Sentenza 28 maggio 2019, n. 23470
Data udienza 24 gennaio 2019
REPUBBLICA ITALIANA
IN NOME DEL POPOLO ITALIANO
LA CORTE SUPREMA DI CASSAZIONE
SEZIONE TERZA PENALE
Composta dagli Ill.mi Sigg.ri Magistrati:
Dott. ROSI Elisabetta – Presidente
Dott. CERRONI Claudio – Consigliere
Dott. NOVIELLO Giuseppe – Consigliere
Dott. ANDRONIO Alessandro – rel. Consigliere
Dott. ZUNICA Fabio – Consigliere
ha pronunciato la seguente:
SENTENZA
sul ricorso proposto da:
(OMISSIS), nato a (OMISSIS);
avverso la sentenza del Gip del Tribunale di Torre Annunziata del 19 giugno 2018
visti gli atti, il provvedimento impugnato e il ricorso;
udita la relazione svolta dal Consigliere Dr. Alessandro M. Andronio;
letta la requisitoria del pubblico ministero, in persona del sostituto procuratore generale Dr.

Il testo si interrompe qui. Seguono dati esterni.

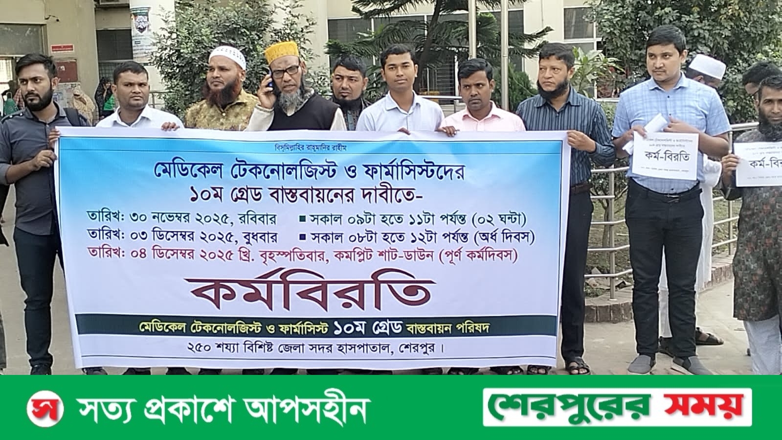 শেরপুরে ১০ গ্রেড বাস্তবায়নের দাবিতে দুই ঘন্টা কর্ম বিরতি

Spinaci Sante, che ha concluso per il rigetto del ricorso.
RITENUTO IN FATTO
1. Con sentenza di patteggiamento del 19 giugno 2018, il Gip del Tribunale di Torre Annunziata ha applicato ad (OMISSIS) la pena di anni quattro di reclusione ed Euro 20.000,00 di multa e la pena accessoria dell’interdizione dai pubblici uffici per la durata di cinque anni, per il reato di cui al Decreto del Presidente della Repubblica n. 309 del 1990, articolo 73, perche’, senza l’autorizzazione di cui all’articolo 17 della stessa legge, illecitamente deteneva complessivi gr. 59,93 netti di sostanza stupefacente di tipo cocaina, con un principio attivo pari al 76,14%, occultata nel vano portaoggetti dell’autovettura opportunamente modificato.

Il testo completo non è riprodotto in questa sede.